◆ Activity:
Take the line that contains "Černý saténový top" as the first line and the last line of the material below as the final one; reproduce exactly the lines between, inclusive.

◆ Collected material:
--- START ---
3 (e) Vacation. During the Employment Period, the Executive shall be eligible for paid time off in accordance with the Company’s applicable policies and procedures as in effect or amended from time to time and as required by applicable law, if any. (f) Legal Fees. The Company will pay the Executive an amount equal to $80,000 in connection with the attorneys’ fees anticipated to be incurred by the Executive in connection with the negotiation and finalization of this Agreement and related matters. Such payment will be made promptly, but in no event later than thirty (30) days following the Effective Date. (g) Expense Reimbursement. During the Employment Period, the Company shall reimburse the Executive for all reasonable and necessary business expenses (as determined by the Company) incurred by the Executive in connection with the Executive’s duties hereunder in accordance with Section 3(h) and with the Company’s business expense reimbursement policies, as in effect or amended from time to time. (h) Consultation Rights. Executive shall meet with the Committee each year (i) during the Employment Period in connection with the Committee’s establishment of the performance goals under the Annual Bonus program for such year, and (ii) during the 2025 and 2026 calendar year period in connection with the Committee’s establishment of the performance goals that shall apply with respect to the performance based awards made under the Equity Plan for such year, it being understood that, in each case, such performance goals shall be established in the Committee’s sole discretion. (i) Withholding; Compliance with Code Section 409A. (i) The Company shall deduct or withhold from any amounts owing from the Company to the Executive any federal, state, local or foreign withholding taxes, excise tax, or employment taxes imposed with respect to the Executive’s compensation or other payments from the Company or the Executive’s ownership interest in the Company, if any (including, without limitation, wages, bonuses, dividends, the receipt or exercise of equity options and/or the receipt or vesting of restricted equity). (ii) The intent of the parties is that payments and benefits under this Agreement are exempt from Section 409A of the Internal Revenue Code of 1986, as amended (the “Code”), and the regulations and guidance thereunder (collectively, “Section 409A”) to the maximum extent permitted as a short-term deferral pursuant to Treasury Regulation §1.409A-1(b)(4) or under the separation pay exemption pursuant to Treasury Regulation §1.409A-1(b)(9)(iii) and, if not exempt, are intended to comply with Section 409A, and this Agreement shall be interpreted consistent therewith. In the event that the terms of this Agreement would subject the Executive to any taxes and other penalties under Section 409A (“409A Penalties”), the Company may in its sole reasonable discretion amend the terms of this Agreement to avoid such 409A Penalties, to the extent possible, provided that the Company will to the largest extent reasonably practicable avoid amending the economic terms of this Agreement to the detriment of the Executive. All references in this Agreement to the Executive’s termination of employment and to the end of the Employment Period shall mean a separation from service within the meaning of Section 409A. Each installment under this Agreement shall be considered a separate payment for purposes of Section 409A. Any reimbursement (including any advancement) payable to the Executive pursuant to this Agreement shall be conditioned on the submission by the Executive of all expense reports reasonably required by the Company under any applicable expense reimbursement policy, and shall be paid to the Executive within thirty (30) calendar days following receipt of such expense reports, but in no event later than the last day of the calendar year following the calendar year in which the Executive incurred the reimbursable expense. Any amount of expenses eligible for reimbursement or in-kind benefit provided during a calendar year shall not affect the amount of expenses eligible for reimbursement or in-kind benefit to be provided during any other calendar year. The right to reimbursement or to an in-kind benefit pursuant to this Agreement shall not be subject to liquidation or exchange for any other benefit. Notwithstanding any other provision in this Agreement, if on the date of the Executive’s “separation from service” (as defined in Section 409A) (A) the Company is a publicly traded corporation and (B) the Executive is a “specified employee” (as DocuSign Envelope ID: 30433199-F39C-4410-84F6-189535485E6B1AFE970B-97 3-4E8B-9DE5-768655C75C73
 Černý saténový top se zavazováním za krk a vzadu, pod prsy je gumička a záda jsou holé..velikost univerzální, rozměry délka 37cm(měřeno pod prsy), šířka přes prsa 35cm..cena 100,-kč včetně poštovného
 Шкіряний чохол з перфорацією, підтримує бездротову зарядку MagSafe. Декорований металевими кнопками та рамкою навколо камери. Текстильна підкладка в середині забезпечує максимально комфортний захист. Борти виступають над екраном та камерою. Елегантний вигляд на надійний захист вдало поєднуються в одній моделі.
--- END ---
◆ Answer box:
 Černý saténový top se zavazováním za krk a vzadu, pod prsy je gumička a záda jsou holé..velikost univerzální, rozměry délka 37cm(měřeno pod prsy), šířka přes prsa 35cm..cena 100,-kč včetně poštovného
 Шкіряний чохол з перфорацією, підтримує бездротову зарядку MagSafe. Декорований металевими кнопками та рамкою навколо камери. Текстильна підкладка в середині забезпечує максимально комфортний захист. Борти виступають над екраном та камерою. Елегантний вигляд на надійний захист вдало поєднуються в одній моделі.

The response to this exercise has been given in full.